No one has the best and complete perception. As an analogy, let us say that there is a group of blind people who never encounter any elephants before. We bring them an elephant and we ask them to touch and describe the elephant. One will say that an elephant is like a giant snake. He actually is only touching the elephant’s trunk. Another will say that an elephant is like a rope, but he is actually only touching the elephant’s tail. They all will be very sure of their perception about the elephant, and they will argue.

The point from this analogy is, we are like those blind people, trying to understand something big and we only see it from one side but we are so sure that it is just as what we see. Having the wrong paradigm is just not good because it will be an obstacle in our lives. In this live, what you see is what you get (WYSIWYG), so in order to get the good things we must make sure that we see the good things. My favorite from Covey’s stories about paradigm is the story of a Dauphine of France. After King Louis is imprisoned, the Dauphine is taken to a faraway community.

They are trying to destroy the Dauphine’s morality so that he will not become the next King of France. They introduce him to the community where people use bad words, where prostitution is everywhere, and where people are not respecting or trusting other people. Six months in such a community, not even once he follows their lifestyle. The secret is that he knows that he is born to be a King, and that is why he should not act like that. In this story, we can see how powerful paradigm is. Positive paradigms will make us great but negative paradigms will obstacle us. 1st Habit: Be Proactive

Being proactive means not being reactive. A reactive person is a person who feels that he is a victim of life, a victim of conditions, and a victim of other people’s mistake. When something unfortunate happens to him, he always thinks that he is a victim, and he can do nothing. He never thinks that it is his own fault. The blame is always on other people, or on conditions. He keeps complaining on things that he cannot control, like the weather, the traffic jam, etc. Reactive people tend to have bad tensions and they are easily irritated. In our lives, we should lead our own way.
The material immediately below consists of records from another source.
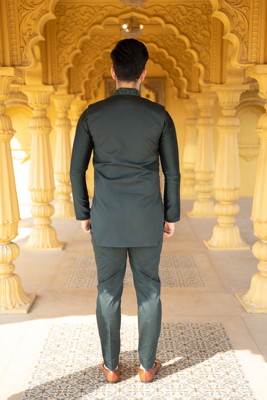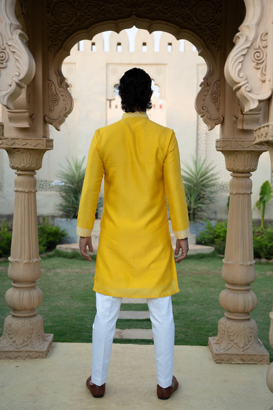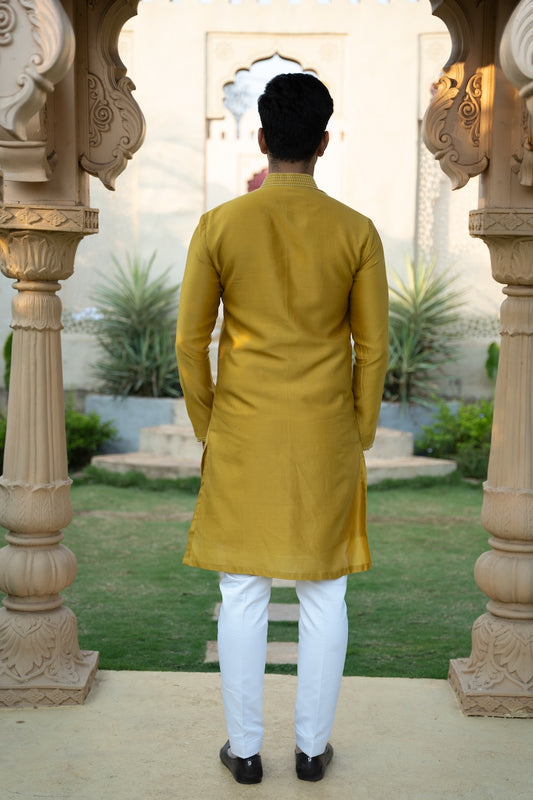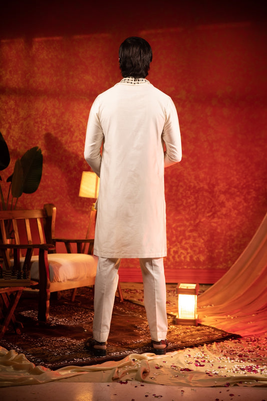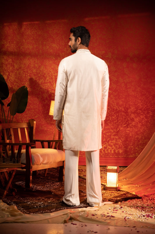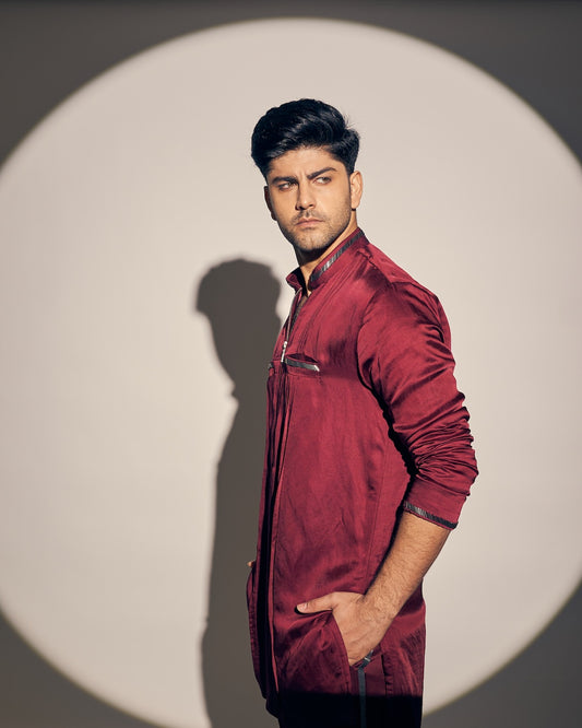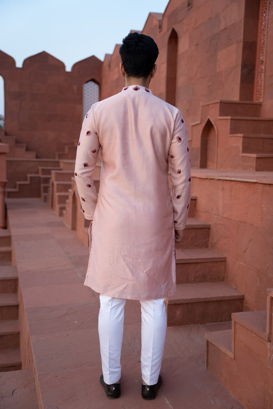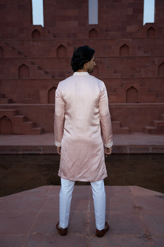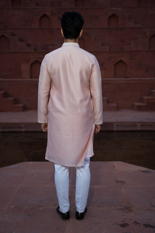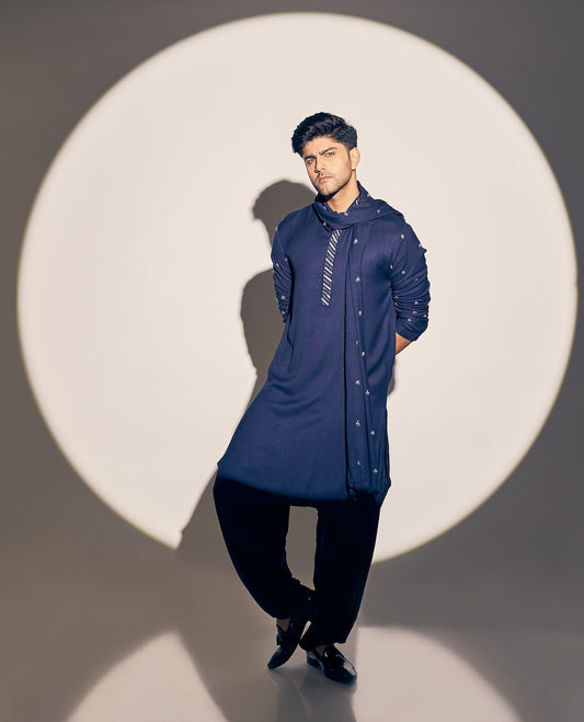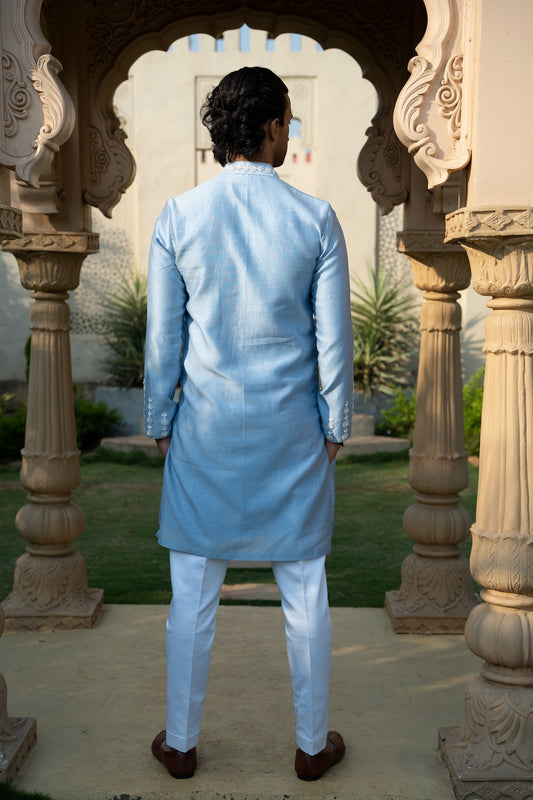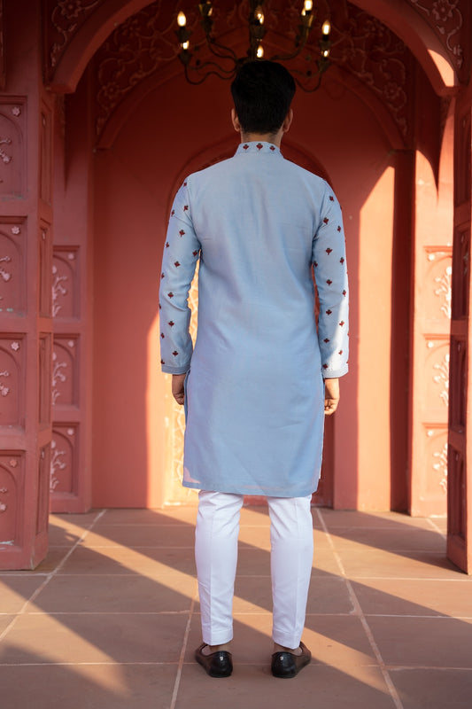Ice Blue Satin Linen Shoulder Stripe Kurta Set
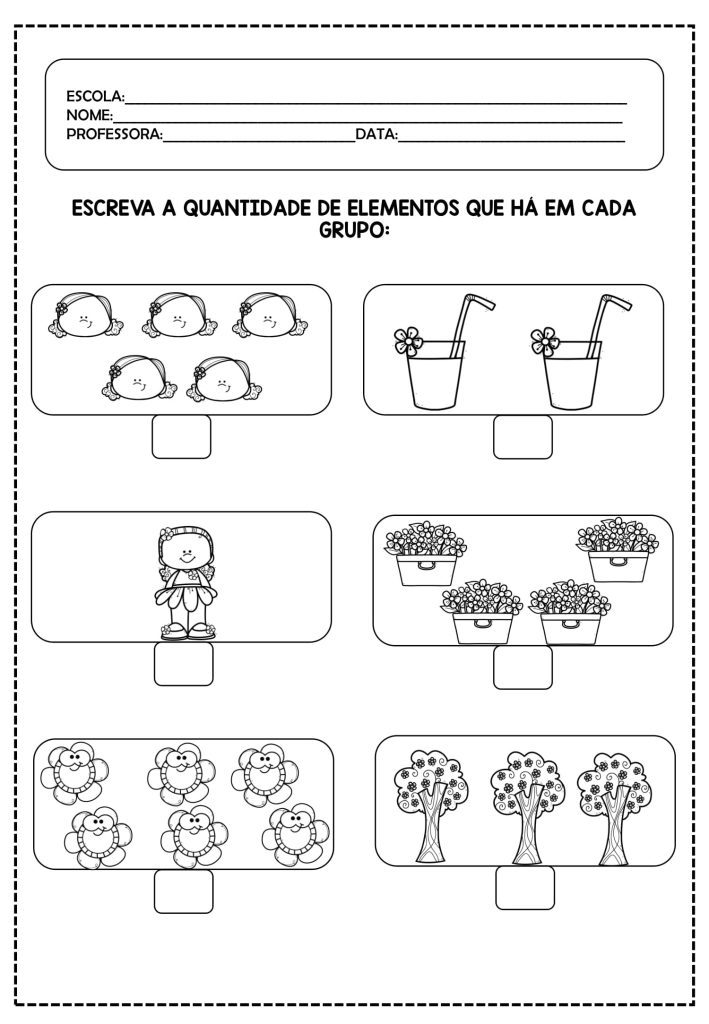 - Contagem: Contar as pétalas das flores desenhadas, as folhas da árvore e os animais criados.
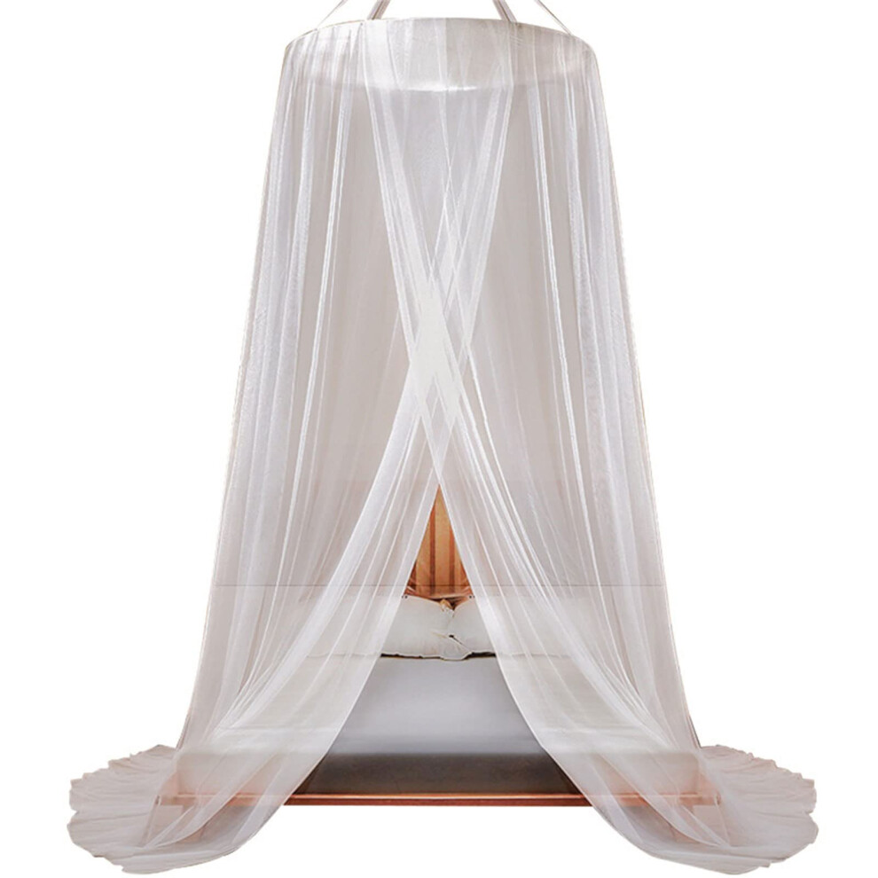 Canopy bed frame curtain, mosquito net, bed canopy tent, round, domeshaped, bed curtains, hanging princess canopy, bedroom decoration (Color: White)
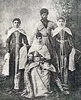 Балкарская семья. Исмаил Урусбиев с женой и дочерьми (XIX век)

If the journey of our lives is like our journey in a car, being proactive means being the driver. The reactive people are the passengers in their own car, and they are letting other people or the condition to drive for them. While the reactive people wait for good things to happen to their lives, proactive people make them happen. They look for the things they want and if they cannot find one, they create one. They know what things they can control and what things they cannot control.

Reactive people complain and worry about things they cannot control while proactive people deal with the things they an control. We cannot control the conditions, but we can control our respond towards the conditions. For example, when Amy has a problem, she becomes easily irritated, so when Beth told her that she looks miserable, Amy get irritated and said bad things to Beth. If Beth is a reactive person, she will be irritated as well; she will get mad and start a fight with Amy. This time, Beth is a proactive person, she does not like what Amy said about her, but she pull back and try to tolerate. Beth tries to understand that Amy is undergoing a problem and she did not mean to say that.

She also introspects herself, and she tries to put herself on Amy’s position, and she understands that if she was Amy, she will get irritated as well. The next day, Beth apologizes to Amy and Amy tells her that she also felt sorry for saying bad things to her. Barrack Obama’s “Yes We Can” slogan is a proactive slogan. By being proactive, we should be sure of our own ability. If we cannot trust our selves, how can other people trust us? Instead of saying “Okay, I will try” we should say “I will do it”. It is more powerful yet ensuring.

Which sentence do you think is the best when one of your friends gives you a birthday present? Is it “Wow, Beth they are fabulous stilettos. I will try to wear them”, or “Thank you Beth, I will wear them”? 2nd Habit: Begin with the End in Mind When driving our cars on the road, we will encounter several branches and we should choose the one that will bring us to our destination. How can we choose which way to go if we do not know our destination? When asking people about directions, we should always mention the destination so that they can tell us which the right route is.

There are times when we should make big decisions about the choices in our lives, and the same principle will apply. We should know where to go; we should know what our goal in our lives is. Once we know, we will find out which route to take, which choice we should take. If we just randomly choose the route, then we will arrive at a random destination as well. That is why we should begin with the end. Writing down our own mission statements is the best way to implement the 2nd habit. These will be our guidelines and principles to help us to choose which route to go in our lives.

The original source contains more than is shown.